Police Encounters as a Popular Form of Custodial Death’ - Implications for Law and Society'.

 'Police Encounters as a Popular Form of Custodial Death’  - Implications for Law and Society'.




Police encounters are extrajudicial killings that police personnel commit of persons accused of certain heinous crimes like terrorists or gangsters who are assumed to be difficult to nab due to being dangerous and powerful. The police argue that they kill such alleged criminals in self-defense and do not have the pre-meditated plan to kill suspects but only to arrest them. 


When arrest is not possible for them due to the threat to their own lives, they use all means necessary to defend themselves against the alleged criminal. As per Section 46 (2) of the CrPC, if a person resists from being arrested, the police have the authority to use “all means necessary” to secure the arrest of the accused. 

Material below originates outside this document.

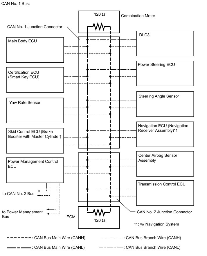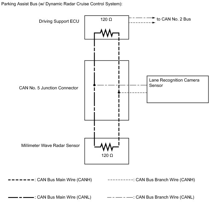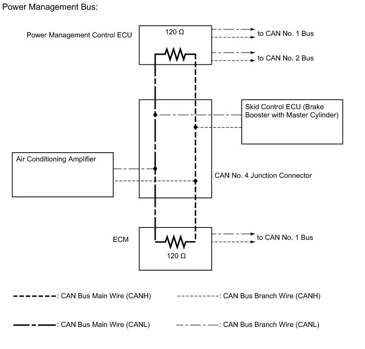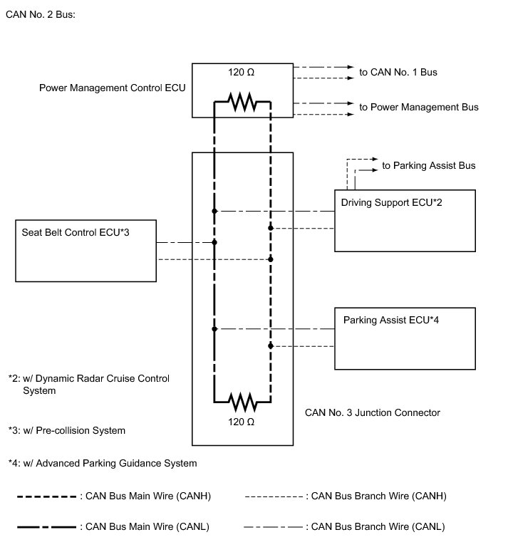 (a) The CAN No. 1 bus, CAN No. 2 bus, power management bus and parking assist bus each have termination circuits with two resistors of 120 Ohms. High speed communication at 500 kbps is possible.

However Section 46(3) explicitly mentions that the police officer does not have the right to cause the death of the accused. However, it extends this right of life to the accused as long as his offense is not punishable by life imprisonment or death penalty. This means that the CrPC tacitly authorizes the police to even cause an accused’s death if he is not cooperating with the police to surrender himself for arrest while being suspected to have committed an offense punishable with life imprisonment or death penalty.  

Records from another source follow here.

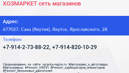ХОЗМАРКЕТ, сеть магазинов по адресу 677027, Саха (Якутия), Якутск, Ярославского, 28 в дальнейшем Организация, размещена в следующих категориях: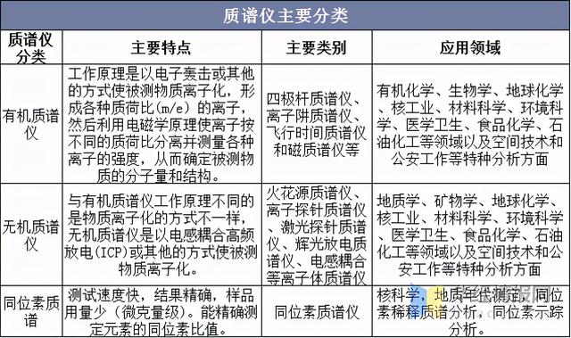 質(zhì)譜儀按應(yīng)用范圍分為同位素質(zhì)譜儀、無(wú)機(jī)質(zhì)譜儀和有機(jī)質(zhì)譜儀。按分辨本領(lǐng)分為高分辨、中分辨和低分辨質(zhì)譜儀;按工作原理分為靜態(tài)儀器和動(dòng)態(tài)儀器。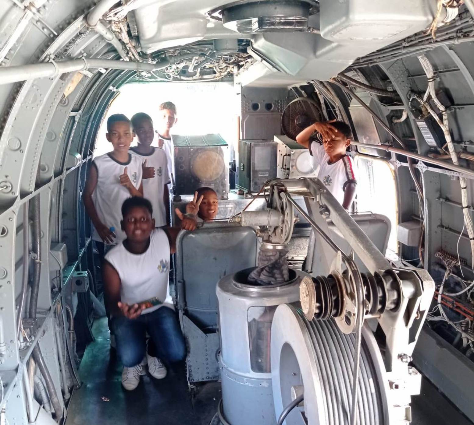Estudantes se sentindo verdadeiros tripulantes de uma das embarcações da Marinha do Brasil durante o passeio

In India, those skeptical of the motivation and facts of encounter cases claim that there is a phenomenon wherein the police deliberately kill suspects of crimes or even innocent people under the guise of a police encounter, framing the issue as though a hard-bent tough criminal has been subdued by the valor and conscientiousness of the police force of the country. Such encounters are called ‘fake encounters’.

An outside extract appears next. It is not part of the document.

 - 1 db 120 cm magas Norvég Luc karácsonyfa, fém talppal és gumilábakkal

The issue with staging such encounters and killing suspects in such an extrajudicial manner is that it violates the rule of law and erodes the public’s faith in the judicial process. Moreover, the fundamental rights of the criminals in the capacity of a human being whose right to life is stripped away from him without due process and procedure established by law and essential rights against torture or assault are violated  by the state, it sets a dangerous precedent in society. The people’s deference for law also shrinks and gradually fades away. 


Killing of suspects raises questions of police accountability and human rights, violating cardinal principles of criminal jurisprudence wherein the burden of proof lies on the prosecution to prove in a court of law as to the accused’s culpability in the alleged crime. Consequently, his guilt is assumed without a trial to prove whether he is indeed liable or not. Hence, the axiom of ‘presumption of innocence until proven guilty’ and the maxim of ‘audi alteram partem’ i.e., listening to the other side is conveniently nipped in the bud. 


The Supreme Court of India has ruled that acts of ‘Trigger-happy policemen” is short-cut justice providing a sense of momentary relief to the public who feel outraged by the crime. However, such extrajudicial killings avert the scrutiny from major structural issues that allow the culture of impunity and lawlessness to prevail.

 

In Extra Judicial Execution Victim Families Association and Anr vs Union of India, 2016, the Court answered the question of whether we need to know the truth about whether a police encounter is genuine or fake, and it answered in the affirmative saying that it is necessary to do so.


In Om Prakash vs State of Jharkhand, 2012, the Supreme Court tacitly recognised that police encounters are fake as it called the police personnel in the case as “trigger-happy” who kill criminals, and “project the incident as an encounter”. This shows that the court holds the police’s act of killing the criminal is that of self-defence or necessary in those circumstances, but one in which the police deliberately murders the accused while guilefully and deftly portraying the killing as an encounter. The apex court further went to the extent of calling such staged encounters as “state sponsored terrorism” and ruled that police encounters are illegal as per the criminal justice administration system. 


Hence, police encounters are a grave miscarriage of justice wherein the police does not have the authority or mandate to be the judge, jury and executioner as it is illegal, unjust and immoral. It also puts the state institutions, in particular, the judiciary in a bad light as people’s anger and impatience leads them to believe in swift police action which mocks the existence of the rule of law and due process. 


Police encounters do not truly serve the ends of justice as depicted as the accused along with the encounter can be faked, opening the Pandora’s box of further injustice as an innocent person can be killed while being falsely depicted as the accused and in case the real accused is killed, it has occurred by bypassing the rule of law and procedure established, which also furthers lawlessness.